Dopo il fallimentare risultato elettorale, il Partito democratico sardo sapeva bene di avere davanti mesi difficili, in cui preparare insieme un congresso e la campagna elettorale per le prossime regionali. Nessuno però immaginava di dover affrontare un cataclisma di queste dimensioni, con il partito che è letteralmente imploso nella scelta del nuovo Presidente della Repubblica e che vede ormai come un’opzione possibile la propria fine.

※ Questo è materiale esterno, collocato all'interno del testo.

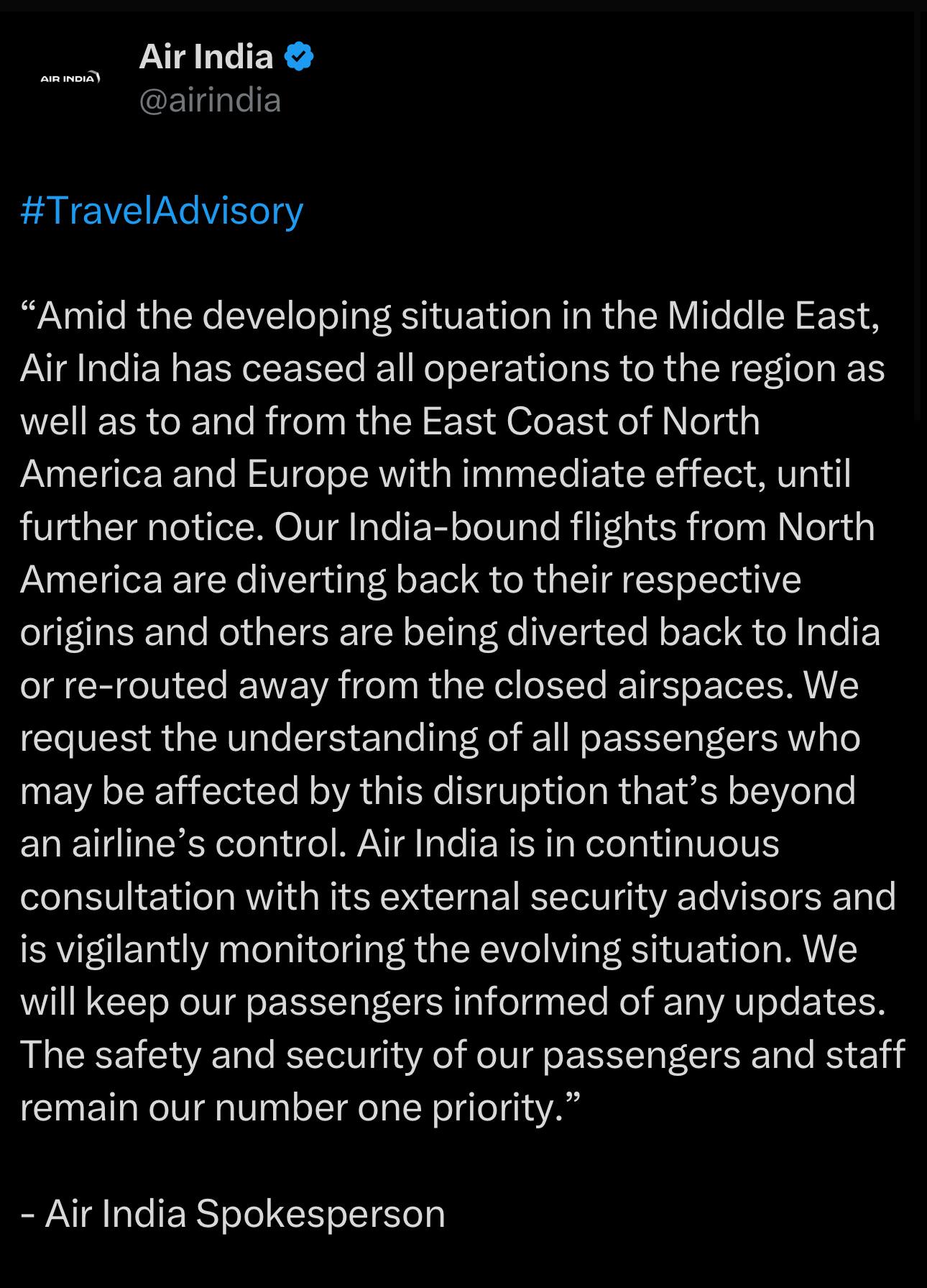 মূলত মধ্যপ্রাচ্যের শহরগুলিতে যাতায়াতের জন্য এয়ার ইন্ডিয়া এবং এয়ার ইন্ডিয়া এক্সপ্রেসের একাধিক বিমান রয়েছে ৷ বিমান সংস্থার তরফে একটি বিবৃতি বলা হয়েছে, মধ্যপ্রাচ্যের দেশগুলিতে উত্তপ্ত পরিস্থিতির জন্য ইরাক, ইরান ও ইজরায়েলের আকাশসীমার উপর দিয়ে চলাচল না-করার সিদ্ধান্ত নেওয়া হয়েছে এয়ার ইন্ডিয়া ৷ কাতারও উত্তেজনার কারণে বন্ধ করে দিয়েছে তাদের আকাশসীমা। আগামী কয়েকদিন পারস্য উপসাগরের উপর দিয়ে নির্দিষ্ট আকাশসীমা ব্যবহার করা হবে না ৷ পরিবর্তে সংযুক্ত আরব আমিরশাহি, কাতার, ওমান এবং কুয়েত-সহ বিভিন্ন গন্তব্যস্থলে যাতাযাতের জন্য বিকল্প পথ বেছে নেওয়া হবে। তবে এর ফলে গন্তব্যে পৌঁছতে বেশ কিছুটা বেশি সময় লাগতে পারে বলে আশঙ্কা করা হচ্ছে।

In questo clima c’è chi come Giampaolo Diana, capogruppo in Consiglio regionale e grande elettore in questi giorni a Roma, invoca al più presto un congresso “costituente, senza ipocrisie, dove l’unità non può essere di facciata, ma sostanziale. Un congresso che definisca le questioni identitarie, il senso di appartenenza, i valori, la linea politica e la forma partito. Ora, senza rinvio alcuno”. Il congresso, nazionale e di conseguenza regionale, è già fissato per ottobre, ma potrebbe essere quindi anticipato, anche se non sono in tanti a ritenerlo la soluzione ai problemi del partito. “Il congresso non può essere figlio di schemi vecchi”, spiega il segretario provinciale di Cagliari Thomas Castangia. “Una nuova generazione deve prendere in mano il partito. Dobbiamo scontrarci ma sulle idee, non sugli accordi e sulle posizioni interne”.

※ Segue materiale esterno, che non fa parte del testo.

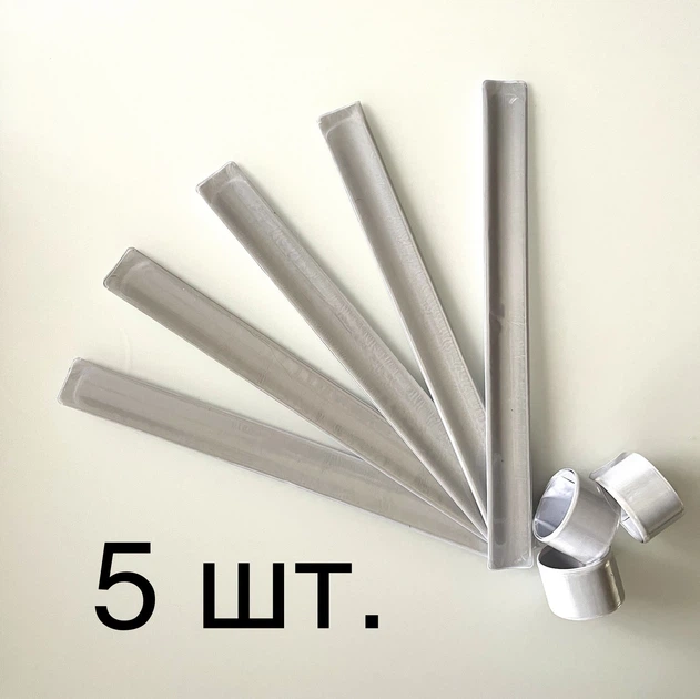Світловідбивна стрічка браслет (флікер) для пішоходів 30 х 3 см, срібляста, 5 шт.

Anche la presidente del partito, Valentina Sanna è scettica sul ruolo salvifico di un congresso “Specie se sarà l’ennesima occasione di scontro, noi dobbiamo ricostruire un tessuto di rapporti con i nostri elettori e la società. Questa classe dirigente, non solo Pierluigi Bersani, ma tutti i dirigenti di primo e secondo piano, a livello nazionale e regionale, ci ha portato al disastro. Il partito in questo momento non esiste”. Il futuro del partito in Sardegna potrebbe essere quello del partito federato, ma secondo Valentina Sanna potrebbe non bastare “La partita deve essere quella di un partito slegato da Roma e dalle logiche che abbiamo visto all’opera in questi giorni”.

 

Non si nasconde la gravità del momento nemmeno l’europarlamentare e vice segretario del Pd, Francesca Barracciu che parla di “giornata di autentica barbarie”, nel trattamento riservato a Romano Prodi. Ma cerca di richiamare i parlamentari ai propri doveri “Io spero che le molte intelligenze presenti nel partito possano ritrovare il percorso nella strada della civiltà democratica. Dobbiamo recuperare il senso della responsabilità collettiva. Nessuno di noi sta nelle istituzioni a titolo personale”. Sul futuro partito la Barracciu ci tiene a puntualizzare che “Il percorso del partito democratico sardo sta continuando ed è slegato da quanto avviene in questi giorni. Le nostre esigenze erano e sono altre”.

 

Decisamente più drastico il coordinatore della attuale segreteria regionale, Franco Marras “Non sarà il Partito Democratico Sardo a salvare il Pd sardo. Rischia di essere solo un’operazione di facciata, un brand. Ma il brand è quello che ha prodotto Beppe Grillo e Cappellacci in Sardegna. Il nostro percorso non può essere quello di inseguire modelli sardisti o pseudo indipendentisti. Non mi pare ci sia questo nel sentimento dei sardi”. Il futuro appare però assai cupo e il dopo Bersani è al momento un buio fitto. “Non è possibile fare tante previsioni adesso, perché bisogna capire cosa ci sarà dopo Bersani. Io mi auguro che ci sia ancora un Pd. Sarebbe il minimo risultato che mi aspetto”.